■ What this task involves: Reproduce the records below exactly, but leave their pictures out of the copy.

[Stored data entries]
Segment Open

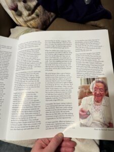 The story of the Queen and Olive, now both sadly deceased, provide a kind of chronological “thread”, or unofficial narrative, for the book. Earlier this week, some of Olive’s relatives attended the launch of the local history book which will be distributed to local libraries, schools, and care homes. Olive also got a special mention in one of the speeches at the launch.
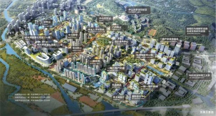 光明布局规划“一心两区”,“一心”即光明中心区,建设科学城的生活服务中心,集聚商业、居住、大型公共服务设施等顶级配套。
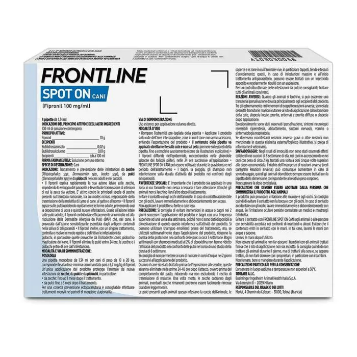 - Evitare il contatto con Frontline Spot On Cani agli animali o alle persone con sensibilità accertata nei confronti di insetticidi o alcool
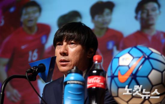 신태용 리우올림픽 축구대표팀 감독이 27일 오전 서울 광화문 교보생명빌딩에서 3명의 와일드카드(손흥민, 석현준, 장현수)를 포함한 18명의 올림픽 최종 명단을 발표 후 취재진의 질문에 답하고 있다.
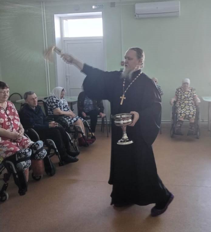 В день Святого Крещения были подготовлены емкости с крещенской святой водой и сладости, которые раздали каждому пожилому человеку. Иеромонах Мефодий (Сиваков) окропил всех насельников Дома милосердия святой водой.
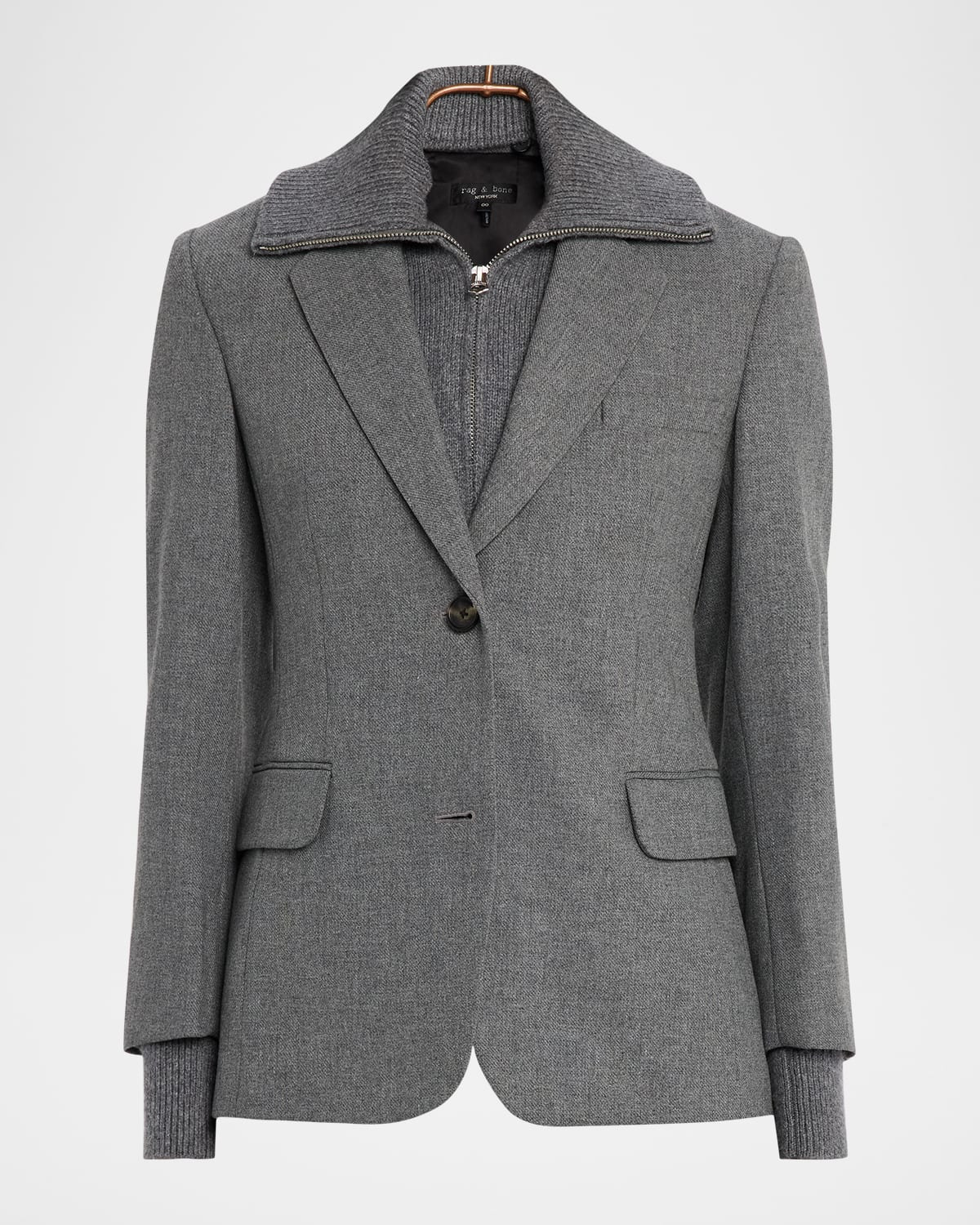 Crafted in solid wool, the "Frank" blazer by Rag amp; Bone includes a removable zipped sweater inlay for versatile styling. Notch lapels Singlebreasted front Long sleeves with button cuffs Chest welt pocket Hip flap pockets Tailored fit Twobutton front Wool Dry clean Imported
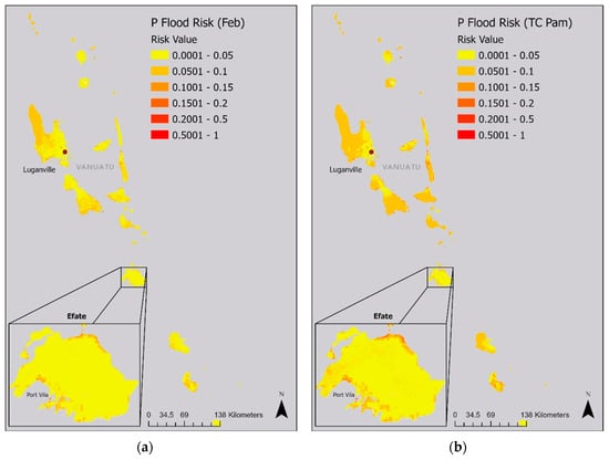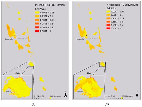Population flood risk maps for February (a), TC Pam (b), TC Harold (c) and TCs Judy/Kevin (d).

Segment Closed

■ Response to this exercise:
 The story of the Queen and Olive, now both sadly deceased, provide a kind of chronological “thread”, or unofficial narrative, for the book. Earlier this week, some of Olive’s relatives attended the launch of the local history book which will be distributed to local libraries, schools, and care homes. Olive also got a special mention in one of the speeches at the launch.
 光明布局规划“一心两区”,“一心”即光明中心区,建设科学城的生活服务中心,集聚商业、居住、大型公共服务设施等顶级配套。
 - Evitare il contatto con Frontline Spot On Cani agli animali o alle persone con sensibilità accertata nei confronti di insetticidi o alcool
 신태용 리우올림픽 축구대표팀 감독이 27일 오전 서울 광화문 교보생명빌딩에서 3명의 와일드카드(손흥민, 석현준, 장현수)를 포함한 18명의 올림픽 최종 명단을 발표 후 취재진의 질문에 답하고 있다.
 В день Святого Крещения были подготовлены емкости с крещенской святой водой и сладости, которые раздали каждому пожилому человеку. Иеромонах Мефодий (Сиваков) окропил всех насельников Дома милосердия святой водой.
 Crafted in solid wool, the "Frank" blazer by Rag amp; Bone includes a removable zipped sweater inlay for versatile styling. Notch lapels Singlebreasted front Long sleeves with button cuffs Chest welt pocket Hip flap pockets Tailored fit Twobutton front Wool Dry clean Imported
Population flood risk maps for February (a), TC Pam (b), TC Harold (c) and TCs Judy/Kevin (d).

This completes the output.